Taxes and spending are dominating the congressional agenda less than two months before elections that will determine control of the House and Senate. President Barack Obama is defending his economic policies against criticism from Republicans, who argue they haven’t been effective and have widened a budget deficit that reached a record $1.42 trillion in 2009.
Obama last week proposed a package of $180 billion in business tax breaks and infrastructure spending to boost the economy. That would come on top of the $814 billion stimulus measure enacted last year.
Extending Tax Cuts
Obama also wants to extend Bush-era tax cuts for individuals who make less than $200,000 a year and couples earning less than $250,000 while repealing them for those who earn more. Republicans want to extend cuts for all taxpayers.
Greenspan said raising taxes in a weak economy isn’t an ideal option.
“There are risks, but our choice is not between good and bad, it’s between terrible and worse,” he said. “Unless we come to grips with the deficit quickly we’re fooling ourselves as to how much time we have.”
A relapse into a recession is unlikely, said Greenspan, 84, who was chairman of the central bank from 1987 to 2006 and didn’t comment on monetary policy in today’s remarks.
“What we have going for us is that the tinder for a double dip is not readily available,” he said. Still, he repeated his warning that if housing prices drop, “all bets are off.”
The economy grew at a 1.6 percent annual rate in the second quarter, hampered by an unemployment rate that has stayed above 9 percent all year. The unemployment rate rose to 9.6 percent in August from 9.5 percent in July.
Greenspan cited the level of excess reserves in the banking system as evidence of the uncertainty that’s restraining recovery. As of Sept. 9, U.S. banks have $1.01 trillion in excess reserves.

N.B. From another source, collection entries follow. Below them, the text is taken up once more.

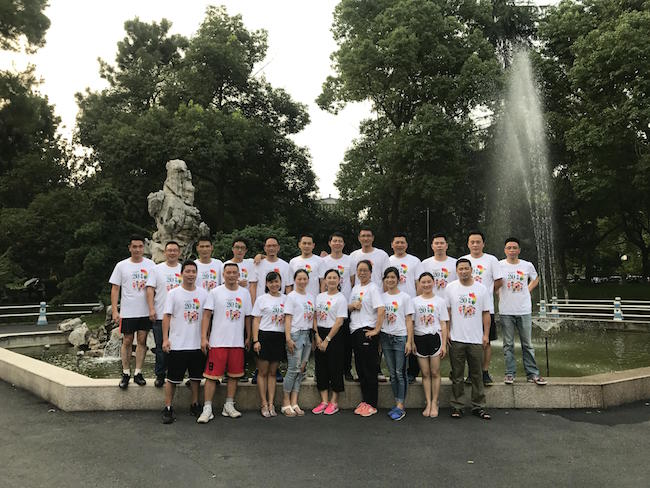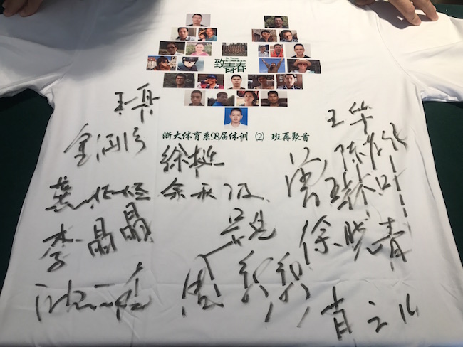 筹备组的同学早早就为全班同学订制了特色的纪念班服――印着20年前军训集体合影和今年个人照片的白色T恤文化衫。
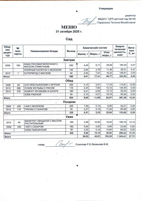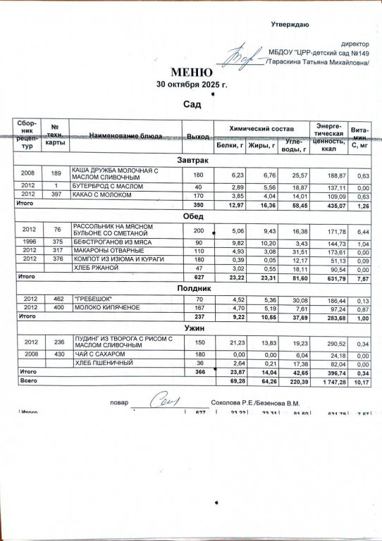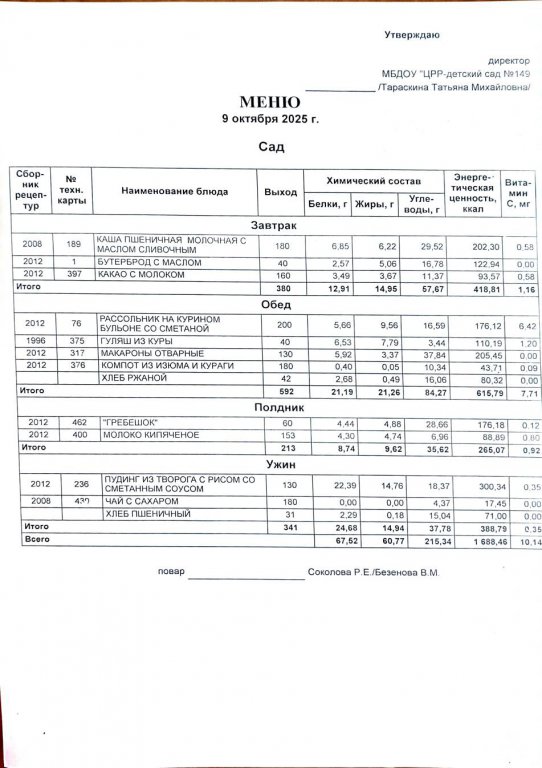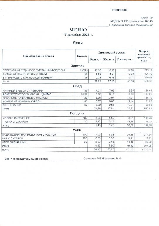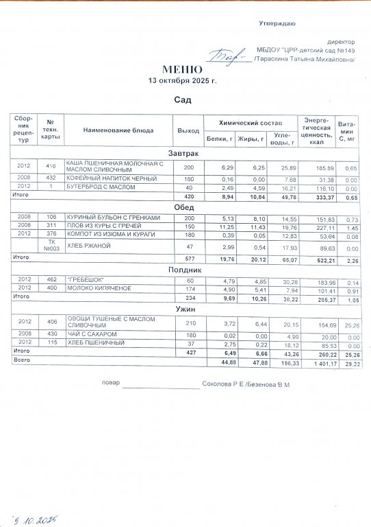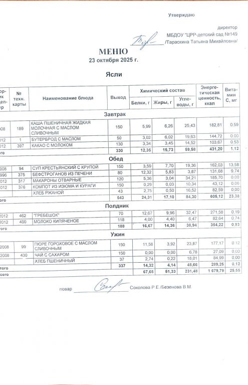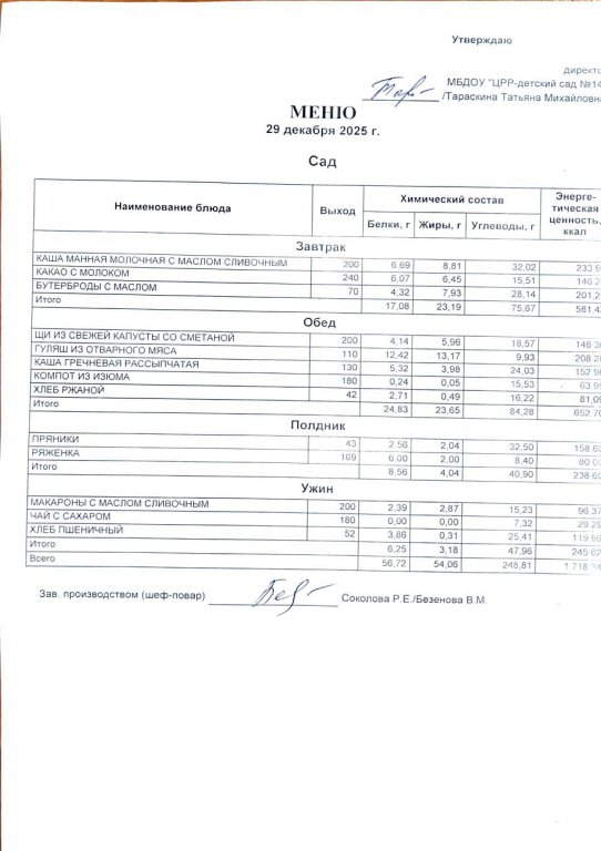 Ежедневное меню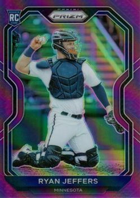 The Ryan Jeffers 2021 Prizm #30 Purple Rookie card is 1 of 70 Ryan Jeffers' card variations in the 2021 Prizm set being tracked by Sports Card Investor, including Base, Blue, Blue Velocity, Carolina Blue, and Cosmic Haze.
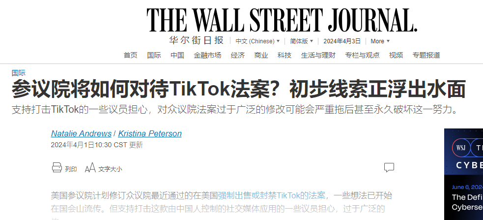 在美国国会官网和长期跟踪美国国会活动的 GovTrack 上查询“TikTok 法案”,均未显示参议院对该法案有任何进一步的审议计划或时间表。华尔街日报报道称,复活节休会归来后,参议院商务委员会主席玛丽亚‧坎特韦尔可能将推动该法案的修改。这意味着,该法案可能会被暂缓审议或彻底无法生效。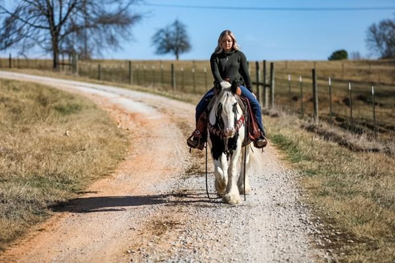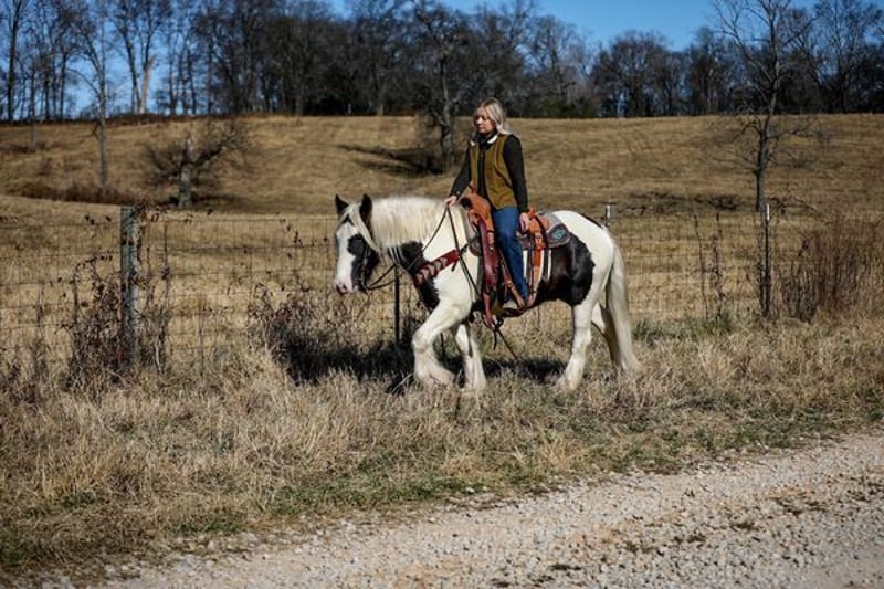 Are you looking for a young, athletic, big boned Gypsy Vanner with great structure and bone? If so, then Axel is your guy. He stands 14H tall and wide. He has all the potential in the world. He is so willing and eager to learn anything you throw his way. Axel has been ridden through just about every obstacle and atmosphere you could possibly imagine. From riding through bison, loading semis with cattle, rough trails, and even parades with all the loud music and floats, Axel takes it all with a grain of salt. Axel has been an “in your pocket” type horse since he was a weanling, wherever you’re at or whatever you’re doing, he wants to be right there with you. He is very low in the pecking order and would rather be right by your side than in the field playing with other horses. Axel is a very thick made gelding that has more whoa than go and would make an exceptional kid’s horse. He rides off your legs and seat so much that you can pull your bridle off and enjoy your day on his back with nothing on his head or neck. When it comes to loading and hauling Axel is a pro, no matter if you’re in a slant load trailer at a show or a stock trailer in the middle of the pasture, Axel will load himself into trailers amazingly. He is truly a stunning, young gelding with a heart full of kindness and a mindset the whole world should have. So, if you are looking for your next lifelong partner that loves attention, easy to be around, eager to please and just an all-around exceptional young gelding

“There is a heavy weight of uncertainty on the system such that we are not getting the impact of a trillion dollars already on the books into the marketplace,” he said, describing the situation as a “liquidity trap.”

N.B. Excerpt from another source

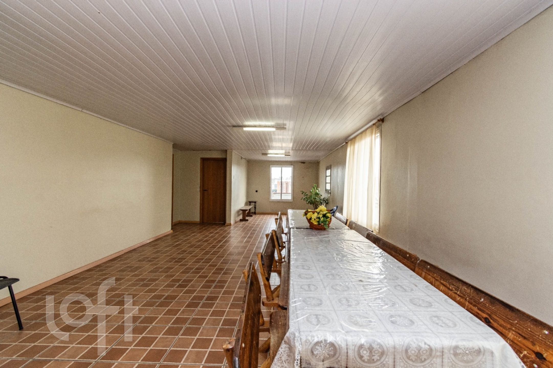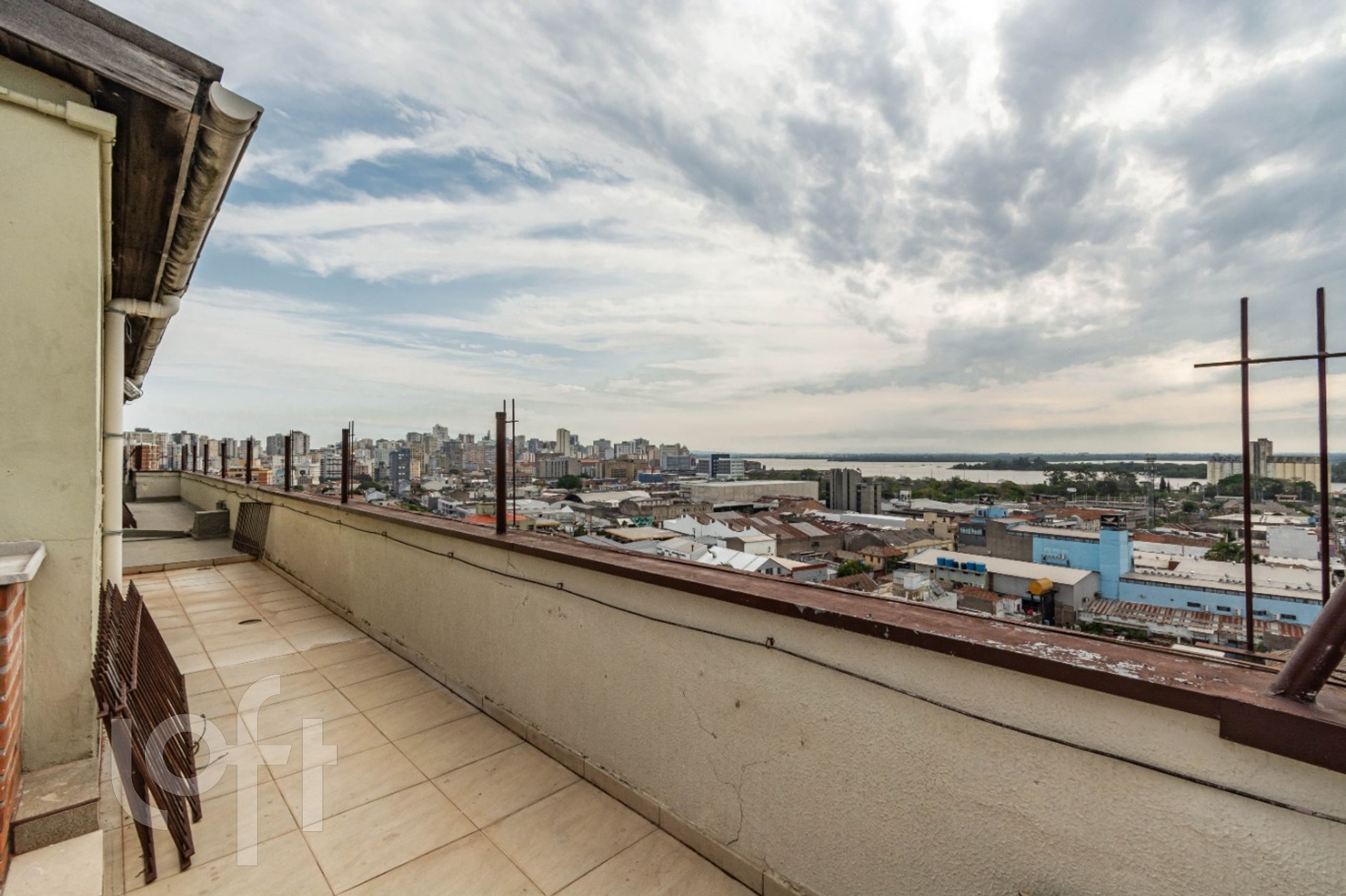 Edifício com 2 elevadores, condomínio acessível, em torno de R$ 350,00, salão de festas no ultimo andar com vista para o Guaíba.

“Our financial institutions are still partially disabled and will continue to be disabled until we restore a level of capital in the system that enables the average lender to a depository institution to feel secure,” he said.

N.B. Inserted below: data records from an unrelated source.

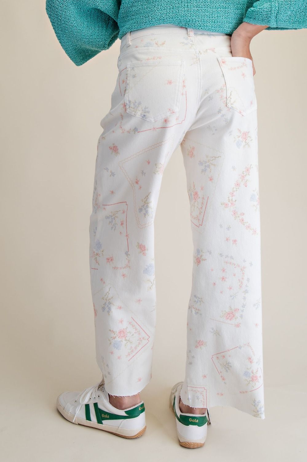 CROSS STITCH PATTERN PRINTED WASHED TWILL PANTS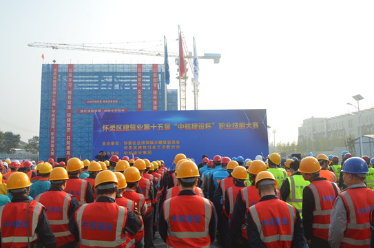 10月18日,由怀柔区住建委、建筑行业工会联合会共同主办,华体会手机网页版登录入口-华体会(中国) 协办的怀柔区建筑业第十五届“中航建设杯”职业技能大赛,在我集团公司承建的一零一中学怀柔校区扩建项目部拉开帷幕。怀柔区住建委工程质量监督站站长单焜,区建筑业协会会长王贵军,区总工会生产生活部部长李文兴,区人力资源和社会保障局职工培训劳动鉴定中心主任刘利民,集团公司总工程师陈劲,工会主席郑春梅一同出席本次活动。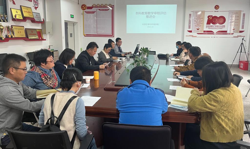 化学生物与环境学院坚持以习近平新时代中国特色社会主义思想为指导,全面贯彻落实党的教育方针,全面落实立德树人根本任务,牢固树立人才培养中心地位,以全面提高本科教育教学质量为核心,坚持“以评促建、以评促改、以评促管、以评促强”的方针,建立健全本科教育教学质量保障体系,积极构建自觉、自省、自律、自查、自纠的学院质量文化,促进学院内涵发展、特色发展、创新发展,培养德智体美劳全面发展的社会主义建设者和接班人。学院高度重视本科教育教学审核评估工作,及时制定《化学生物与环境学院本科教育教学审核评估工作方案》,成立评建工作领导小组,由学院党委书记、院长共同担任组长,下设评建工作办公室和主体报告组、状态数据组、支撑材料组、现场考察组、宣传工作组5个专项工作组。学院着力构建全员参与、全过程参与的审核评估工作体系,党政齐心、协同配合,充分发挥广大师生在“动员学习”“自评自建”“预评改进阶段”“专家评估阶段”和“整改落实”等整个评估阶段的主观能动性,做好各项工作。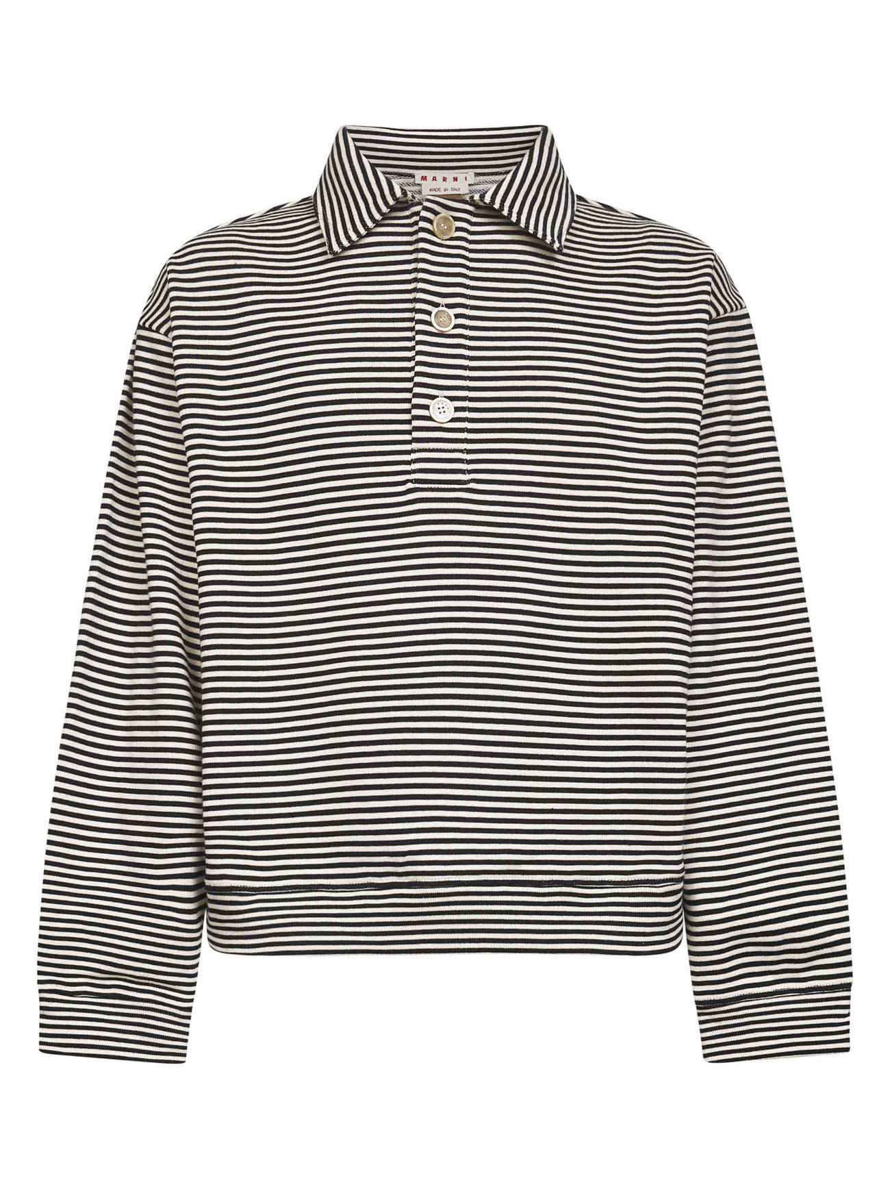 •Front three-button placket •Polo collar •Long sleeves, dropped shoulders •Marni label sewn at neck back •Elasticated cuffs and bottom band •Horizontal striped pattern •Boxy fit •Black color •100% Cotton •Made in Italy SKU: fumu0145x1utc525stn99 Our Products Are 100% Genuine. In All Cases We Stand By The Authenticity Of Every Product Sold On Our Site. All sales are final and we only accept returns for quality issue. Buyer is responsible for any import tax/duty if applicable.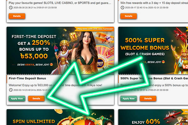 Welcome! Deposit for the first time and get a 100% Slot & Crash Bonus up to 18,000 taka, a 50% Casino Bonus up to 20,000 taka, and a 100% Sports Bonus up to 15,000 taka! Join now and enjoy awesome rewards at KRIKYA!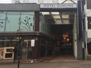HOTEL SUNLINE FUKUOKA OHORI。地铁大濠公园站下,4号口出来拐个弯就是,非常方便。今天给我们房间升了一级,一张床变成了两张床,但房间还是那么小,箱子都快堆门口了…

Capital requirements proposed by the Basel Committee on Banking Supervision earlier this week are a move in the right direction, he said.
“The nature of the regulations that were promulgated by the Basel committee made sense to me,” he said.
As Fed chairman in 2001, Greenspan supported the first round of tax cuts under Bush. At the time, the federal government operated with a surplus, and Greenspan told Congress he didn’t think the cuts would lead to a deficit.